Supplementary Figure 3 Similarity of sets of transcription factor bound mutations. For each pair of transcription factors shown in Figure 2g, the Jaccard similarity was computed on the basis of the overlap in the genomic positions mutated with RegulomeDB transcription factor annotations for the two factors. Factors were clustered on the basis of this similarity score, and the scores are plotted here as a heat map. The average enrichment score of real versus simulated mutations for all cancer types for each transcription factor is shown below the transcription factor labels on the x axis.
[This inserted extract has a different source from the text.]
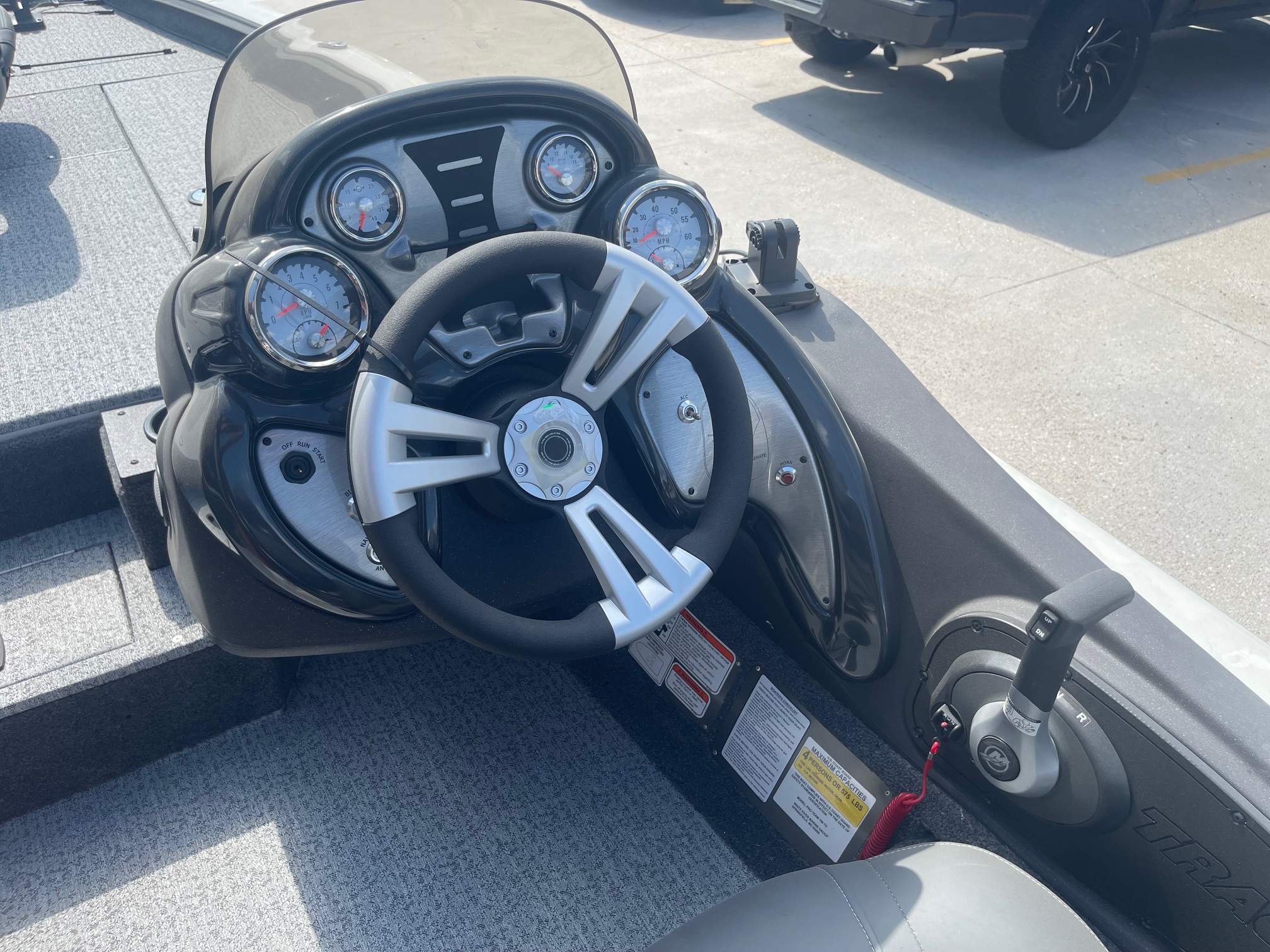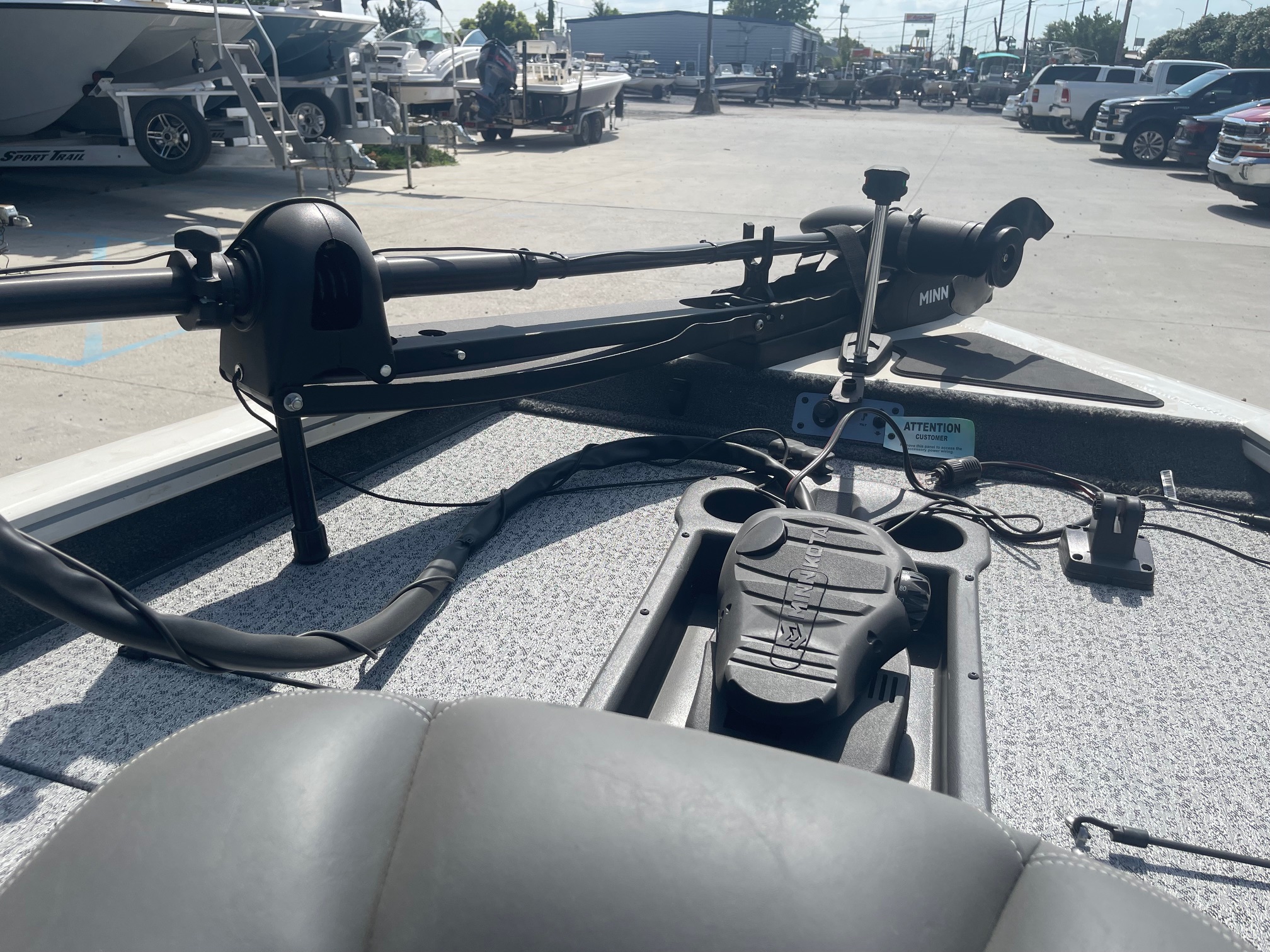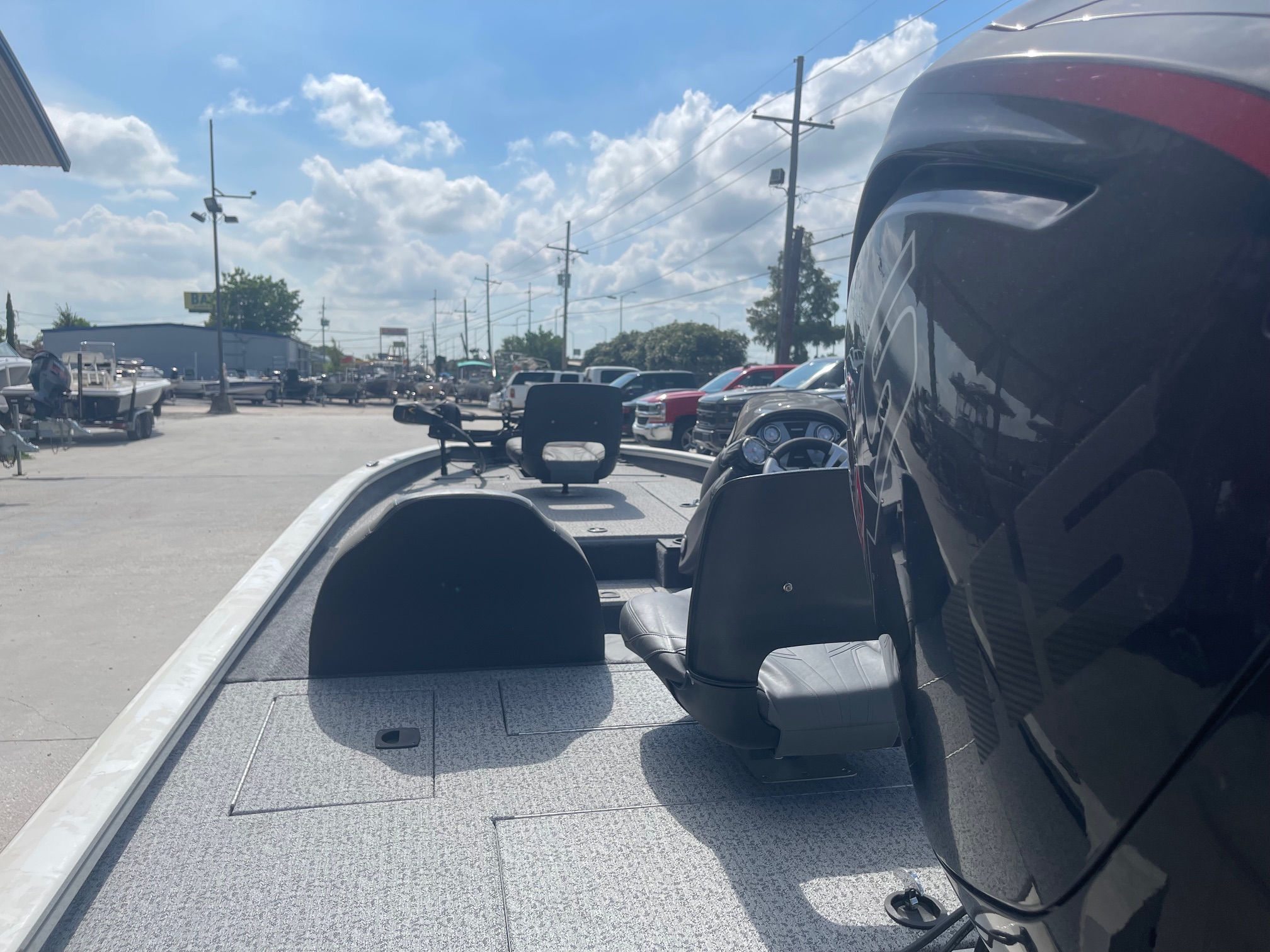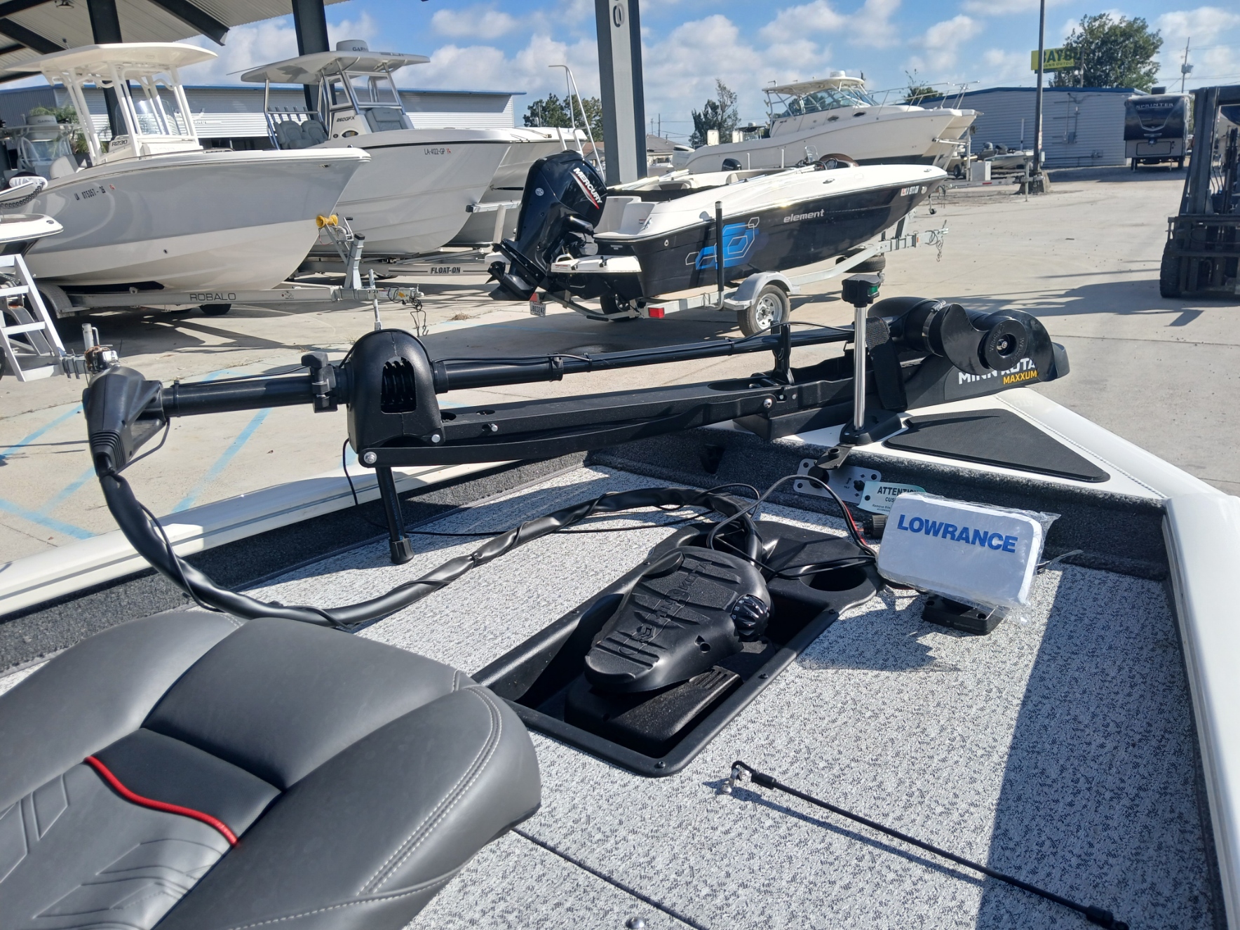 Inside, you’ll find a spacious, carpeted casting deck, ample rod and gear storage, an aerated livewell, and Lowrance electronics at the console to keep you on the fish. Add in the Minn Kota trolling motor and custom Tracker trailer, and you’ve got a complete, ready-to-roll fishing setup.

Supplementary Figure 4 Mutational patterns in transcription factor binding sites. (a) An analysis was performed to identify all transcription factor motifs with an increased match score in mutant sites compared to reference sites. Only mutations in sites for the CEBP factors were used for this analysis. (b) The sequences surrounding the mutations were aligned using TTG(T/C) as the seed. This seed motif, the aligned reference and the aligned mutant sequences are shown as well as a histogram of the number and type of mutations at each position. (c) The most common sequences of eight bases in length contributing to the motif in b are shown. (d) The counts of mutations from these sites by patient are shown. One patient with UCEC has a disproportionate number of these mutant sites. (e) Box plots of RNA-seq expression values for samples with and without CEBP mutations are show for the factors matching CEBP motifs or motifs with a higher match score in a. (f) Seed, reference and variant alignments as well as mutation counts by position are shown for the factors from Figure 3f.

Supplementary Figure 5 Mutation probability fitting and model validation test. (a) Logistic regression allows for the calculation of the probability of mutation conditioned on replication timing, base-pair composition, transcript type and patient ID. Box plots of predicted probabilities across all patients are shown for the various combinations of transcript region, base-pair type and replication timing bin. (b) The fraction of sites identified in the validation set that can be found in the experimental set and vice versa are plotted, showing the robustness of the method even with a small number of patient samples. (c) A box plot depicting the difference in log 10 RNA-seq expression data for PLCXD1 in samples either with or without a mutation at chr. X: 197,480. P value was determined by the bootstrap method, as the data were not normally distributed.

Supplementary Figure 6 Screening for functional mutated regulatory elements. Wild-type and mutant versions of four control regions and ten repeatedly mutated regulatory regions, including one of the TERT promoter mutations, were assayed for their ability to enhance the transcriptional activity of a minimal promoter using a luciferase assay. Constructs were assayed in NCI-H1437 lung adenocarcinoma cells.